■ To do
When you reach the line that contains "Marc Chagall: Sarah" in the data below, start reproducing lines exactly, and stop after the line that contains "Nachdem Ines dem".

■ Data supplied
[Start of Attachment]

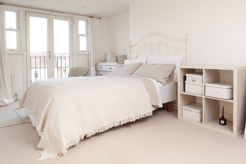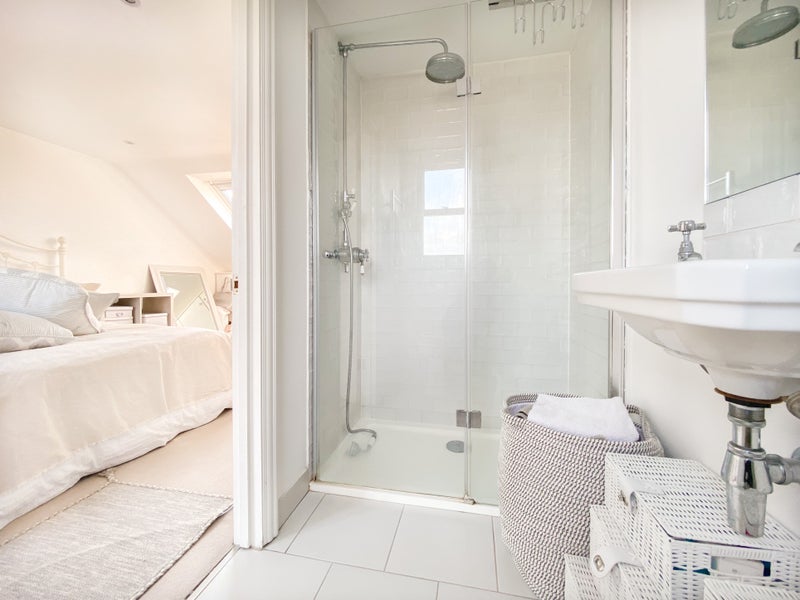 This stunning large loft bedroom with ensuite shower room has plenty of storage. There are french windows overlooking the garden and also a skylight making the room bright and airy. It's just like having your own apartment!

[End of Attachment]
[Start of Attachment]

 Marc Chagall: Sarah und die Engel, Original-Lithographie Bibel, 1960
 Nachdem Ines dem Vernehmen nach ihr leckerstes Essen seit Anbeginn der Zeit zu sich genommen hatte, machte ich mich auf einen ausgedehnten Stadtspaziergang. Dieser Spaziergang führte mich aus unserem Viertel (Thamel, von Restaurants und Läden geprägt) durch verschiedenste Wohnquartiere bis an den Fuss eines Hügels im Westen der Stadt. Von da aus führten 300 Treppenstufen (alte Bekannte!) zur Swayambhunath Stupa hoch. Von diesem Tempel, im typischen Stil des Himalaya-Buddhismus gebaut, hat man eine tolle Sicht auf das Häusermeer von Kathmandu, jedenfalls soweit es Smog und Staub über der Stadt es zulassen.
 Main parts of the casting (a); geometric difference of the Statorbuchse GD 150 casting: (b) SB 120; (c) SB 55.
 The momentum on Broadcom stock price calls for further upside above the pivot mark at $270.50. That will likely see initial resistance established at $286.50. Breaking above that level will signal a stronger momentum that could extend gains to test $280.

[End of Attachment]

■ The completed task
 Marc Chagall: Sarah und die Engel, Original-Lithographie Bibel, 1960
 Nachdem Ines dem Vernehmen nach ihr leckerstes Essen seit Anbeginn der Zeit zu sich genommen hatte, machte ich mich auf einen ausgedehnten Stadtspaziergang. Dieser Spaziergang führte mich aus unserem Viertel (Thamel, von Restaurants und Läden geprägt) durch verschiedenste Wohnquartiere bis an den Fuss eines Hügels im Westen der Stadt. Von da aus führten 300 Treppenstufen (alte Bekannte!) zur Swayambhunath Stupa hoch. Von diesem Tempel, im typischen Stil des Himalaya-Buddhismus gebaut, hat man eine tolle Sicht auf das Häusermeer von Kathmandu, jedenfalls soweit es Smog und Staub über der Stadt es zulassen.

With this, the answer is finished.